For large quantities of acid gas, operators typically use a Claus process to convert the H₂S in the gas to elemental sulfur and release the CO₂ to the atmosphere. But for small acid-gas quantities, injection has become an economical way to deal with the acid gas. Furthermore, acid-gas injection is a low-emission process, much lower than a Claus plant.

Western Canada currently has about 25 such projects in operation and several more in the planning stages. This disposal method also is starting to be looked upon favorably in other parts of the world.

One should note that acid-gas injection is not limited to small projects. Sulfur prices currently are low and elemental sulfur stockpiling may not be an option for sulfur producers. Limited space may force them to find alternatives for disposing of large quantities of acid gas by such means as injection.

Acid-gas injection is a simple concept. The acid gas from the amine regenerator tower is at a low pressure, typically less than 200 kPa (29 psi), and at about 50° C., the temperature of the overhead condenser. It also is saturated with water.

Multistage compressors compress the gas to the pressure required for injecting it into a deep reservoir. Surface pressure usually is substantially less than the reservoir pressure because of the hydrostatic head of the fluid being injected. Injection pressures depend on the injection zone and may be as great as 15 MPa (2,176 psi). Reservoir pressure can be 30 MPa or higher.

One key parameter in the design of an acid-gas injection scheme is fluid density.¹2 Needed are accurate density predictions for the vapor, liquid, and supercritical (dense-phase) regions.

This article reviews the available experimental data for acid-gas densities and examines several popular methods for density calculations. Density prediction methods that are phase specific will not be examined. For example, there are several correlations designed for estimating the liquid densities.³

In acid-gas injection, it is important to predict the density for all fluid phases. It is also important to have a well-behaved function as the fluid transverses the various phase regions.¹ The liquid density correlations, therefore, are less useful for this application, even though they are accurate.

There is a large amount of experimental data available for CO₂ and H₂S densities. Therefore, this article includes only literature reviews. These compilations cover the pure component properties over the range of pressure and temperature of interest in this study.

For acid-gas injection, the temperature of interest if from 0° to 150° C. and the pressure of interest is from atmospheric to 30 MPa.

Pure CO₂

Literature provides significantly more data on CO₂ than for H₂S, particularly for transport properties. One reason is that CO₂ is considerably easier to deal with than H₂S. In addition, CO₂ has a much lower critical point, placing this interesting region in a range more accessible to experimenters.

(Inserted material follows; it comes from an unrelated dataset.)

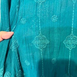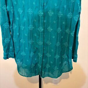 Chico's Cotton Blend Embroidered Teal Button Front Long Sleeve Tunic Top

The vicinity near the critical point attracts researchers because the physical properties in that region have properties which change dramatically with small changes in either temperature or pressure.

Span and Wagner⁴ provide the latest review of the thermodynamic properties of CO₂. Their investigation is a through and critical review of the available experimental data. The tables generated use a highly accurate but complex equation of state. The study discussed in this article uses their tabulation to compare model density predictions.

Angus⁵ also thoroughly reviewed CO₂ thermodynamic properties and formulated several tables, and Vukalovich and Altunin⁶ reviewed both CO₂ thermodynamic and transport properties. Although their data sets are useful, they have been superceded by the newer tables of Span and Wagner.

Pure H₂S

Goodwin⁷ extensively reviewed H₂S thermodynamic properties. He used an advanced equation of state to construct a table of properties over a wide pressure and temperature range, which was used in the study discussed in this article.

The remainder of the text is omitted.